Он открыл перед ней дверь, и она вошла. В обычный коридор, с обычными госпитальными запахами и звуками. Где же здесь Юрий Анатольевич? Вроде, вон его голос. Она осторожно шла по коридору, прислушиваясь к стонам и всхлипам из-за дверей. Заглядывать в палаты она боялась: ей уже насказали, что они там все голые, ну, совсем без ничего, даже простынёй укрыть не дают, маньяки… За её спиной еле слышно стукнула дверь. Она оглянулась и похолодела: огромный голый негр надвигался на неё с застывшим на лице белым, как у черепа, оскалом. Она ойкнула и бросилась бежать по коридору. Не к выходу – его как раз загораживал этот страшный негр, а вперёд и, уже ничего не понимая и не сознавая от страха, влетела в первую же открытую дверь. Огляделась и… и увидела его. Он лежал на кровати, голый, широкие ременные петли застёгнуты на запястьях и щиколотках, ослепительно белые на тёмной коже марлевые наклейки на груди и животе, застывшее в бессильной ненависти лицо… Он смотрел в потолок и только часто дышал, жадно хватая воздух. Она смотрела на его лицо, покрытые серой коркой губы и даже не заметила, есть ли ещё кто в палате. И весь страх у неё прошёл, делся куда-то. Она стояла и смотрела, а он вдруг начал хрипеть, дёргаться, выгибаясь, пытаясь порвать петли. Она попятилась, наткнулась на кого-то сзади, но испугаться не успела.

– Люся? Ты что? Зачем?

– Ой, Юрий Анатольевич, вот.

Он взял у неё журнал, поглядел на обложку и хмыкнул:

– И кто тебя послал?

– Таисья, – робко ответила она.

– Ну ясно, – кивнул Аристов. – Ладно, с ней я сам поговорю, – быстро раскрыл журнал, расписался и пытливо посмотрел на неё. – Очень испугалась?

Она бы ответила, но тут этот закричал, забился.

– Иди, Люся, – Аристов за руку повёл её к двери.

– Юрий Анатольевич, – спросила она уже в коридоре, – а что с ним? Это… это от боли?

– Да, Люся.

Аристов отдал ей журнал и довёл до выхода из отсека…

…Люся вздохнула и прислушалась. Вроде, девочки уже легли. Ох, Кира, Кирочка, сколько ж ты муки принял. Раненый, да ещё горячка эта. Господи, что же теперь будет? Что же ей делать? Что?

ТЕТРАДЬ СЕМЬДЕСЯТ ЧЕВЁРТАЯ

Крещенские морозы всё-таки оказались не такими страшными, как их расписывали.
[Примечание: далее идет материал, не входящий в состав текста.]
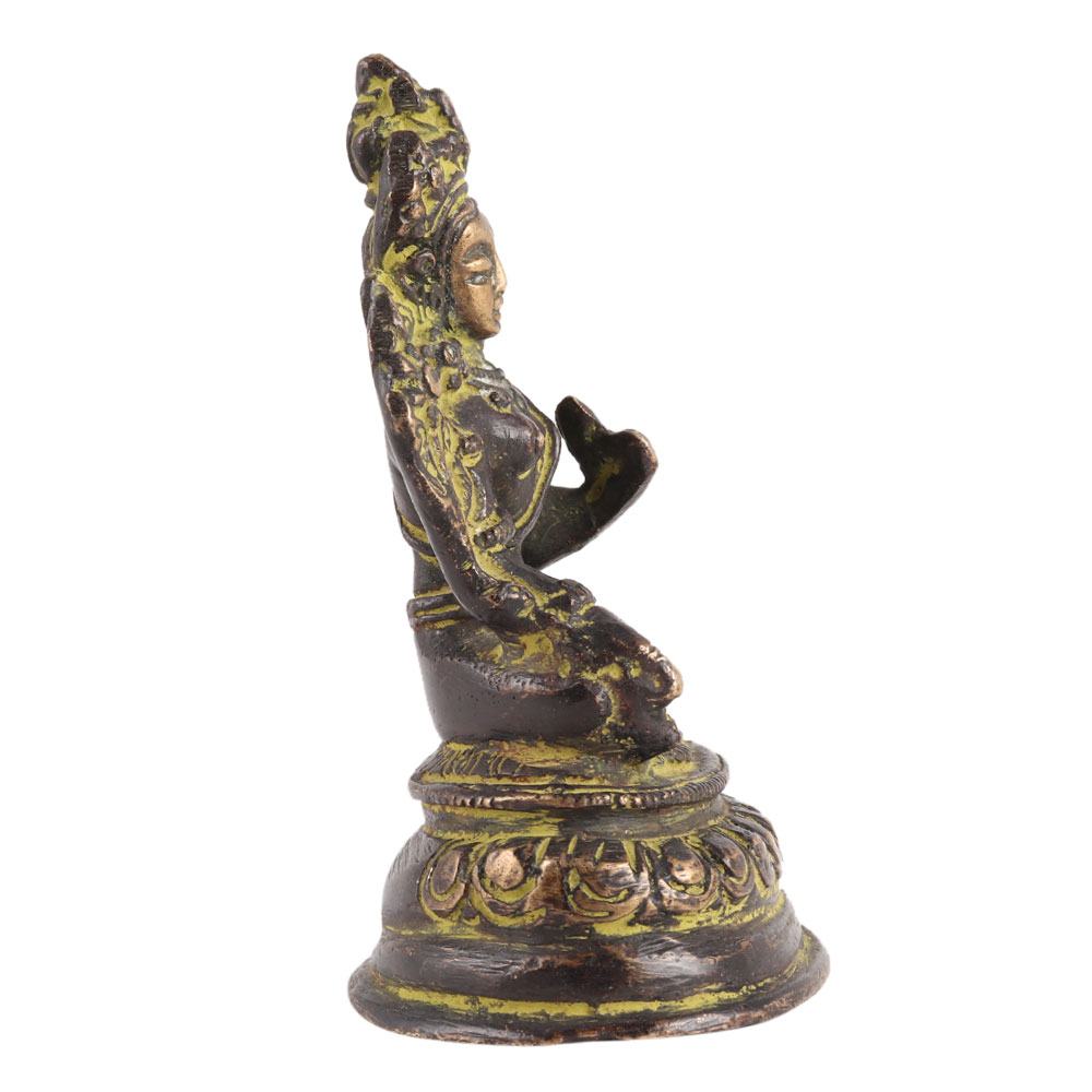 Tara is also a forest goddess, most notably as Khadiravani, the Khadira forest dweller, and is generally associated with plant life, flowers, acaciakhadira) trees, and the wind. Tara is also known as a healing goddess and a goddess of nurturing quality and fertility due to her association with nature and plants. Her genuine ground on Mount Potala is described as "covered with numerous trees and creepers, resounding with the sound of many birds, and with the murmur of waterfalls, thronged with various wild beasts; many species of flowers grow everywhere." Her association with the wind elementvaayu) also means that she is quick to respond to any requests.
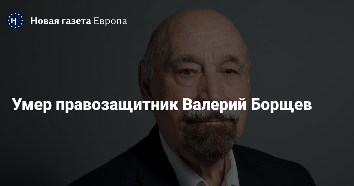 В возрасте 82 лет умер российский правозащитник, автор закона об общественном контроле за местами лишения свободы Валерий Борщев. Об этом сообщила журналистка Ева Меркачева.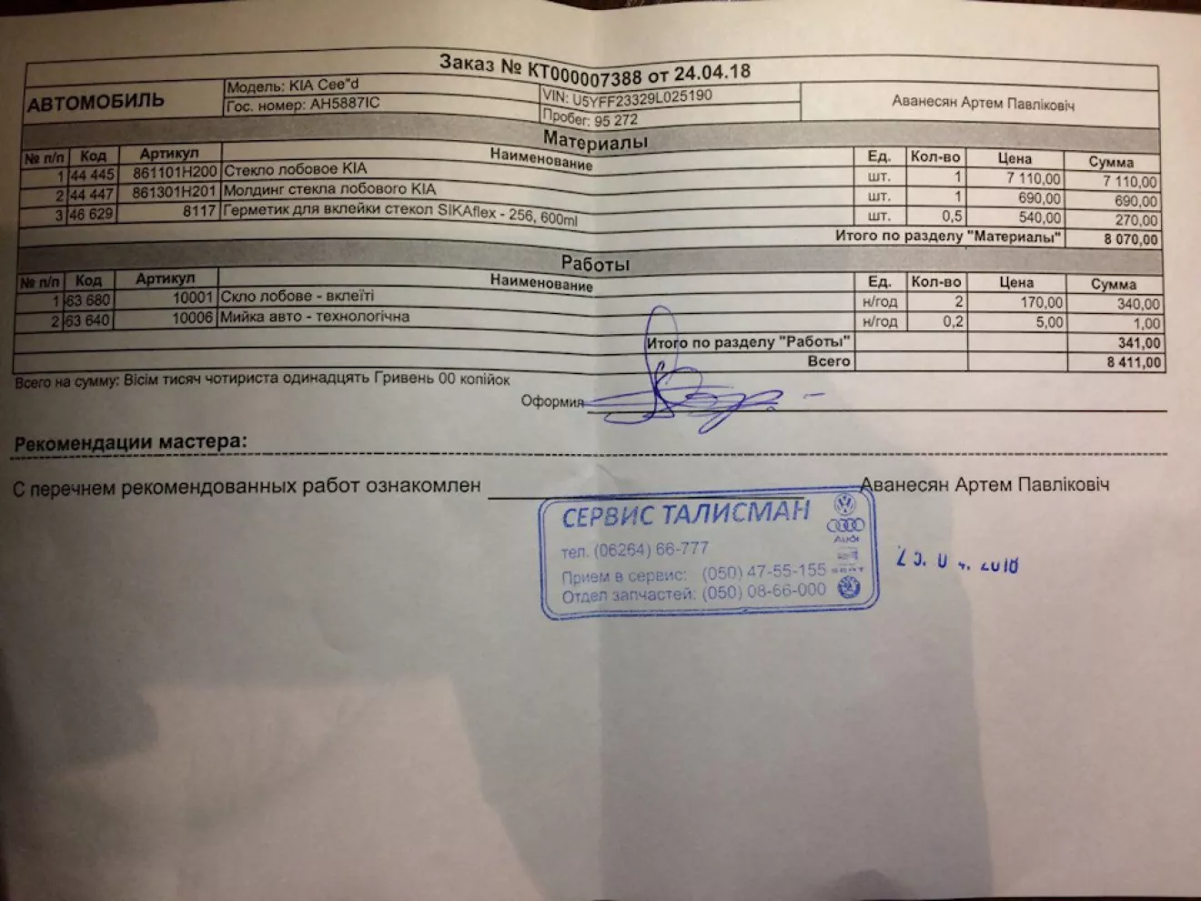 Заменил вот 24 апреля лобовое стекло. На старом пошла трещина. Удовольствие не из дешевых. Были аналоги за 2500 и 4000 грн, но это не "путь Джедая". Я решил — буду ставить оригинал. 7110 грн такое удовольствие + побочные траты в виде молдинга (690 грн), герметика (540 грн) и т.д. В сумме чек на 8411 грн.

Женя на рынке купила, как ей посоветовали баба Фима и девочки из машбюро, гусиного жира, и Эркин, приняв это, к её удивлению, без малейшего сопротивления, перед выходом на работу промазывал себе лицо. Но потребовал, чтобы и она поступала так же.

День катился за днём, такой же, как вчера и как завтра. Эркин теперь по утрам покупал газету и вечером, упрямо сдвигая брови на особо трудных местах, читал статью за статьёй, спрашивая Женю о непонятных словах. Алиса освоила азбуку полностью, и Женя купила ей целую россыпь маленьких книжек – в каждой книжке одна сказка. Их Эркин тоже читал. И оба учились писать. Но здесь успехи Алисы были куда заметнее.

Пополнялся и их дом. После святок приехало много репатриантов или, как их все здесь называли, беженцев. Правда, в «Беженский Корабль» шли не все. Кто хотел обзавестись собственным домом в Старом городе получали участок и в ожидании дома жили в бараке – длинном двухэтажном деревянном доме между Старым и Новым городами – или снимали комнату, стараясь устроиться поближе к своему участку, чтобы заранее наладить отношения с соседями. А свой дом – это до весны. Вот когда снег сойдёт и земля под фундамент оттает, тогда всё и начнётся.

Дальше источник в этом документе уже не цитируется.